Еще поговаривали, будто Надежда Сергеевна вообще намеревалась по окончании Промакадемии переехать в Харьков, подальше от мужа и детей. Якобы она кому-то признавалась, что ей все надоели — и Иосиф, и Вася, и Томик, и даже Светланка.

Так все было или не так, но для Бориса Захаровича главное теперь — свернуть все комедийные проекты, надолго или нет, пока не известно. Теперь нужно ждать каких-то признаков, когда его горе станет сглаживаться. Но пока что, конечно же, не до смеха. Удалов рассказывал, что нередко Сталин просит его среди ночи отвезти его под стену Новодевичьего и там горюет у могилы, покрытой снегом, словно скатертью. Не в состоянии больше жить в квартире, где покончила с собой жена, Сталин даже уговорил Бухарина поменяться жильем. Николай Иванович переехал в Потешный дворец, а Иосиф Виссарионович с детьми и прислугой — в здание Сенатского дворца, где не только размещались Совнарком и Центрисполком, но и проживали многие советские деятели.

Бухаринская пятикомнатная квартира на первом этаже оказалась удобнее, чем прежняя в Потешном, над нею на втором этаже Сталин расположил свой кабинет, здесь же размещалась приемная, в которой работал личный помощник Хозяина и заведующий Секретным отделом Поскребышев. Детьми отныне занимались экономка Каролина Тиль, начальник охраны Николай Власик и прежние воспитатели — Александр Иванович Муравьев и Александра Николаевна Бычкова, в девичестве Романова. Она очень смешно говорила, что напрасно поменяла царскую фамилию на скотскую; а вот Наталья Константиновна вскоре после самоубийства Аллилуевой от семьи Сталиных ушла.

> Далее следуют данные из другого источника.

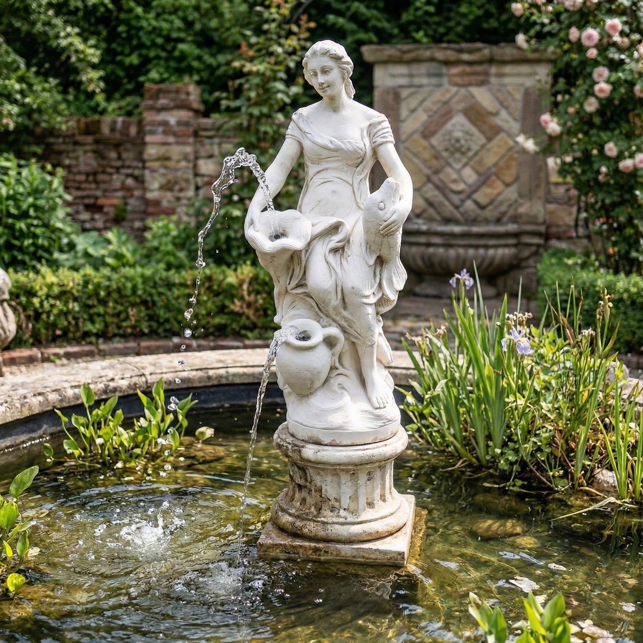 Wasserspeier Beton Frau mit Fisch 1,00 m
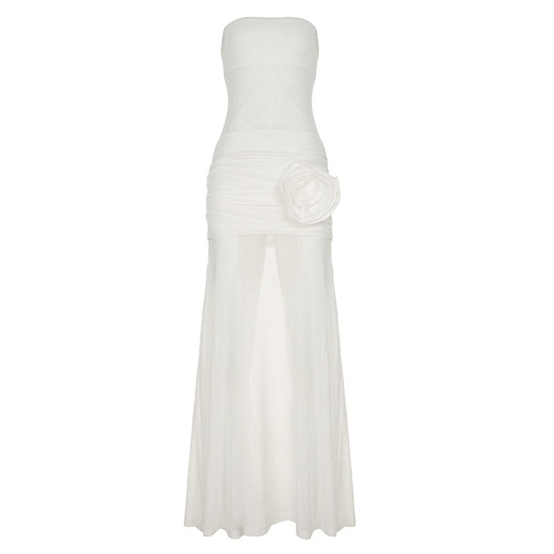 ROCKMOREW【海岛度假】立体花朵抹胸飘逸长裙性感白色网纱连衣裙
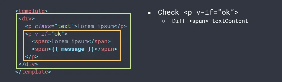 - v-if 内部:只有 {{ message }} 是动态节点
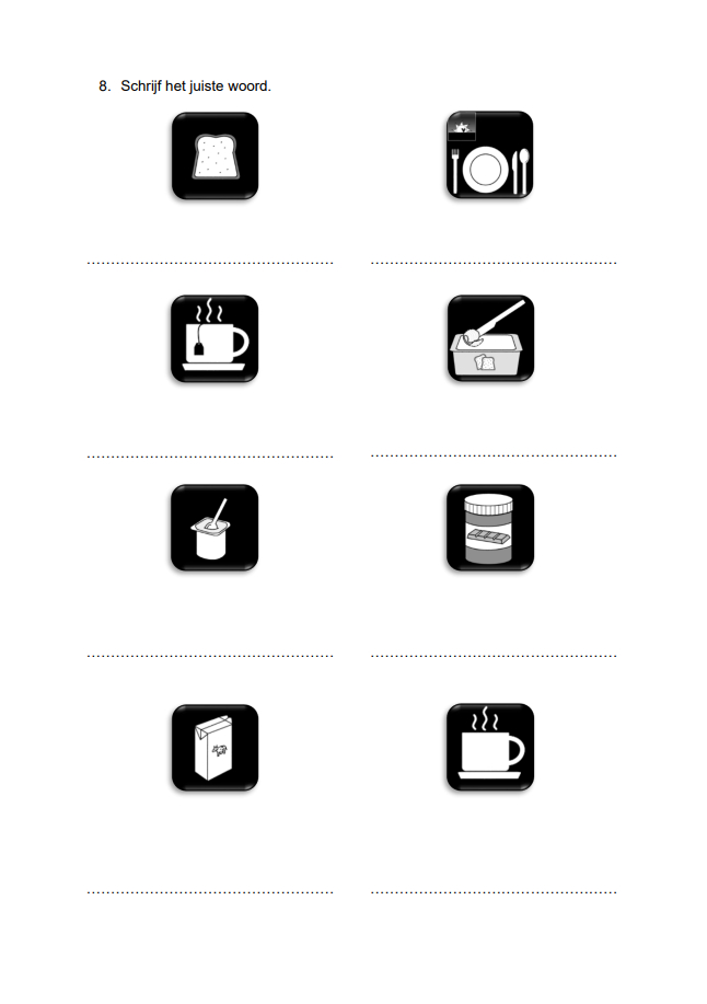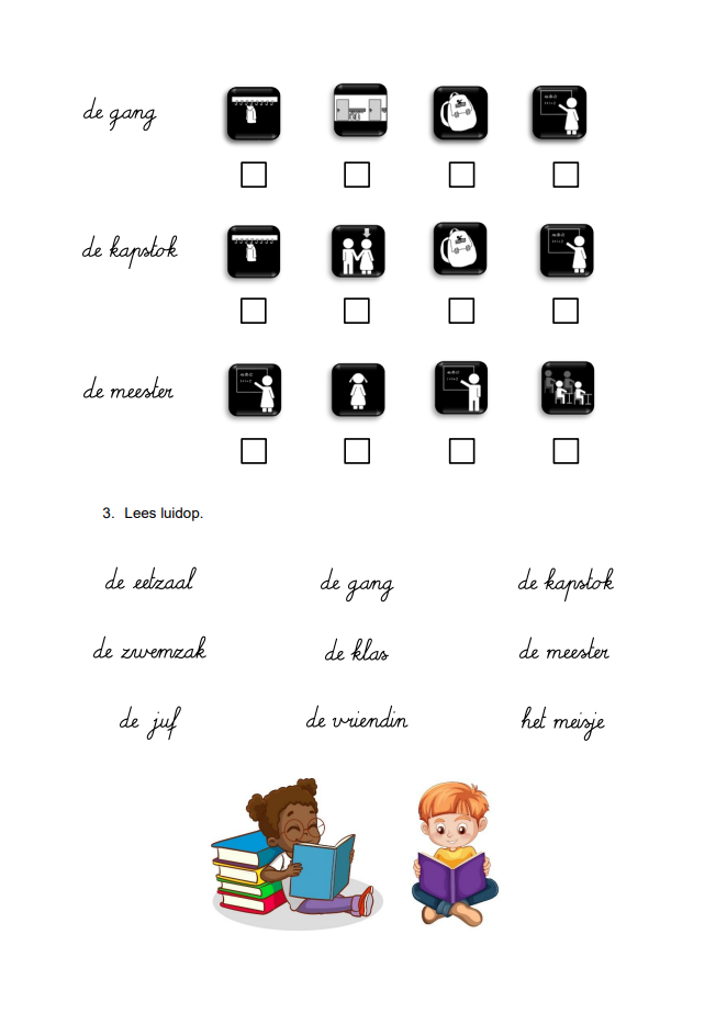 Alle inoefenbundels kennen dezelfde opbouw met dezelfde activiteiten, namelijk: woorden overschrijven, woord koppelen aan pictogram, voorlezen, pictogrammen verbinden met het juiste woord, pictogrammen herkennen, lettersoep, kruiswoordraadsel.

У всех этих людей Шумяцкий время от времени ненароком интересовался о душевном состоянии Сталина, и всякий раз ему сообщали, что Хозяин остается угнетенным и невеселым, нередко сидит перед фотографиями Нади и плачет, часто обращается к ней: почему? За что?

Итак, Пудовкин, Довженко, Александров, Трауберг и даже Пырьев пока свои комедийные проекты заморозили. Эйзенштейн работал над книгой об искусстве режиссуры, преподавал и как-то лениво подыскивал сюжеты для какого-то следующего фильма. Александров и Тиссэ без своего всемирно известного вождя снимали документальную ленту «Интернационал», воспевающую успехи сталинской политики. В ней даже были использованы первые удачные эксперименты с цветом, вкраплены несколько цветных кадров. Горки Горьковские пролегли между Сергеем Михайловичем и Григорием Васильевичем трещиной, стремительно превращавшейся в ущелье.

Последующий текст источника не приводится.